Евгений ощутил прилив гордости, почему-то смешанной с тревогой. Перед ним мелькали годы, прошедшие с тех страшных минут, когда он, в грязи и крови, стоял у горящего особняка фон дер Гольца со старым деревянным пеналом в руках. С тех пор некая сила неуклонно влекла его к неведомой цели.
Он был ди-пи, «перемещенное лицо», а значит, его ждал фильтрационный лагерь. И, как он понял потом, тяжелая жизнь в СССР, где даже юный возраст угнанных в Германию не спасал их от подозрений в измене Родине. Однако с Женькой судьба поступила милостиво — из лагеря его забрали родители, приехавшие из Ленинграда, как только им сообщили, что сын нашелся.
Женькин отец больше не был «врагом народа». В мае 1939-го, после ареста Ежова, отца отпустили, сняв обвинения.

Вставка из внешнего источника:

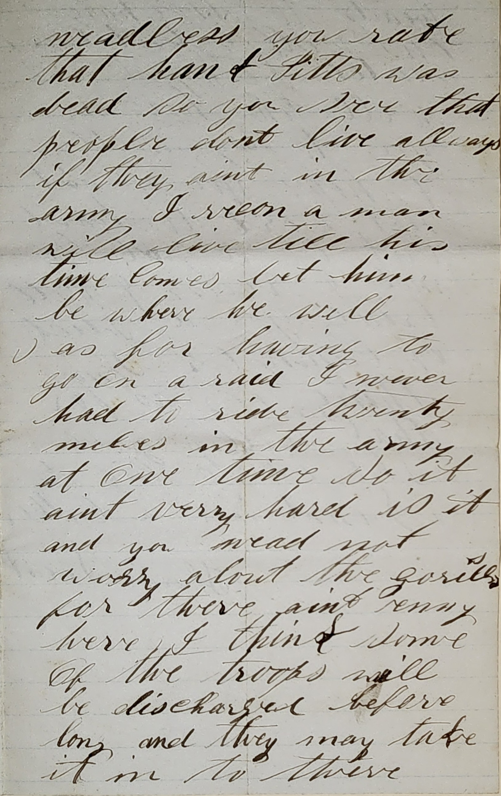 You wrote that Aunt Pitts was dead so you see that people don’t live always [even] if they ain’t in the army. I recon a man will live till his time comes, let him be where he will. As for having to go on a raid, I never had to ride twenty miles in the army at one time, so it ain’t very hard, is it? And you need not worry about the guerrillas for there ain’t any here.

Женька помнил, каким он пришел домой — изможденный, небритый, с изуродованной пытками рукой... Что более значимо — его не арестовали повторно, когда пошла следующая волна репрессий. В воздухе уже сильно пахло большой войной, так что многоопытный и заслуженный инженер-путеец был в цене. Это подтвердилось и в первые месяцы войны, когда отец занимался эвакуацией предприятий за Урал, и позже, когда он восстанавливал разрушенные железнодорожные пути и мосты для наступающей Красной Армии.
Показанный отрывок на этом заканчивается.